I have seen beautiful floral motif molds that can make great shapes for sugar art , I wonder if that is it ? Would love to know how you made yours dcarch, does it take long ? Is there a tutorial or a video that we can look at just to get an idea ?

Thank you for sharing your pictures.

Petals.


----------



## dcarch

petalsandcoco said:


> I am curious to know to Jellly.
> 
> I have seen beautiful floral motif molds that can make great shapes for sugar art , I wonder if that is it ? Would love to know how you made yours dcarch, does it take long ? Is there a tutorial or a video that we can look at just to get an idea ?
> 
> Thank you for sharing your pictures.
> 
> Petals.


It is very difficult, requires a lot of training, practicce ----Are you sure you want to do it, are you sure you are smart enough to learn? LOL

Here you go:

food grade silicone casting rubber (ebay, amazon.com)

Mix equal parts A, and B, into mold. Wait one day. Done.

dcarch


----------



## petalsandcoco

Hey......wait a second here dcarch......what are you trying to say ????
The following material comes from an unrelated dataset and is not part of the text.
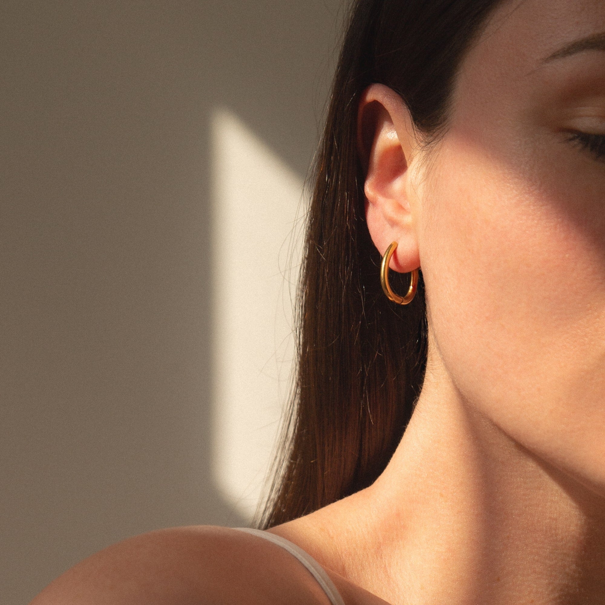 Simple, modern and clean design, perfect for the everyday. Team with other hoops from our luxe collection for the ultimate stacked look.

That went way over my head , I mean, you may have to repeat it again ........ /img/vbsmilies/smilies/lol.gif /img/vbsmilies/smilies/smoking.gif cool.....dc.

Petals.

ps. project for the summer.


----------



## petemccracken

Here are some other resources for silicon mold making:

http://www.makeyourownmolds.com/
http://www.smooth-on.com/Smooth-Sil=-Plat/c1131/index.html
http://thechocolatemoldfactory.com/siliconemold.aspx
https://www.google.com/search?q=foo...s=org.mozilla:en-US:official&client=firefox-a


----------



## Iceman

I had a toy set called _*"Creepy Crawlers"*_ when I was a kid. We made all sorts of rubbery stuff with it.


----------



## jellly

Thank you so much for sharing, I can't wait to try this out.


----------



## pastrymama

If you use acetate sheets rolled into tubes and taped you can keep the panna cotta just refrigerated.  When needed, untape and roll out of the acetate onto the plate.  Unless your panna cotta is so soft it won't hold shape it should work easily.


----------



## petalsandcoco

Jellly, (scroll down)

I came across a pic today and thought of you and this thread. 

Black sesame ganache

Cherry yogurt panna cotta

Rose-Mahleb semifreddo

raspberry meringue

pink peppercorn crisp

sour cherry glass

maraschino almonds

cherry petals

cherry leaf.

When I see food created this way, it gives me sheer pleasure. Hanami in March is the place to be (bucket list)

Petals.


----------